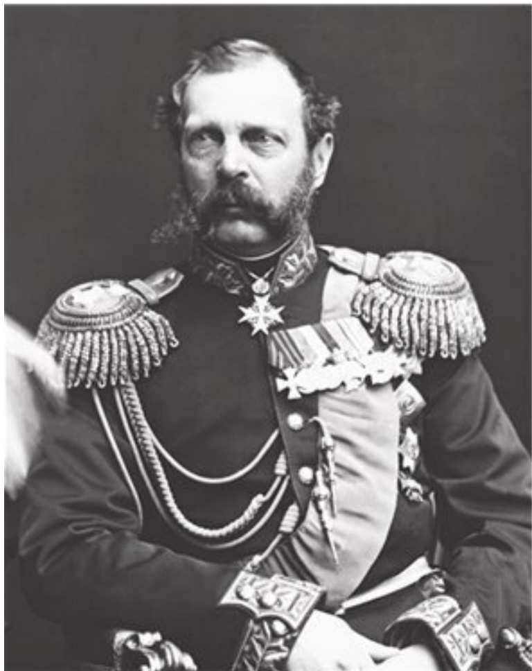
Император Александр II
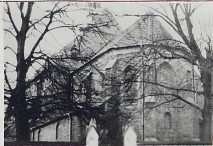
3. Elewacja wschod.
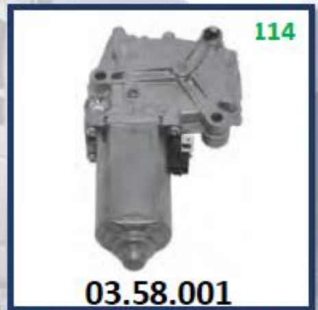
MOTOR ELECTR. LEVANTAVIDRIO ISQUIERDO
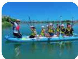
8人も乗れるBIGSUPも大人気！（インストラクター付貸切2h ¥24,800～）
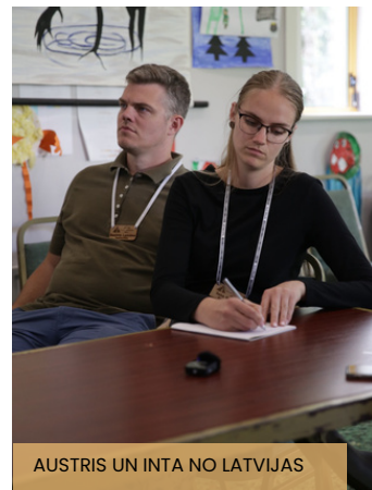
AUSTRIS UN INTA NO LATVIJAS
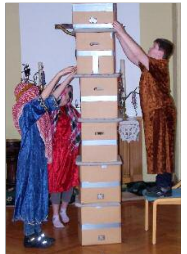
ms Babelstårnet bygges.
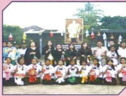
โครงการประทีปโคมไฟเพื่อแสดงความอาลัย และกิจกรรมถวายเป็นพระราชกุศลฯ
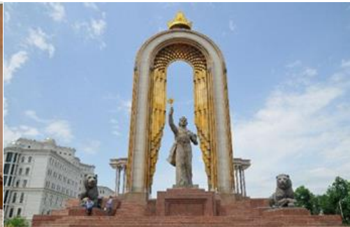
อนุสาวรีย์อิสมาอิล ซามานี
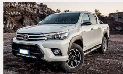
TOYOTA HILUX 2.4 D - 4D DC LOUNGE 4WD

42 mesi/45.000 km compresi Da € 195,00 al mese
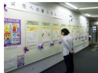
昨年のパネル展の様子

*ACTION ITEM:*
In the records above, the lines from the one containing "42 mesi/45.000 km" through the last line are to be written out exactly, both ends included and pictures omitted.

*ANSWER TO THIS EXERCISE:*
42 mesi/45.000 km compresi Da € 195,00 al mese
昨年のパネル展の様子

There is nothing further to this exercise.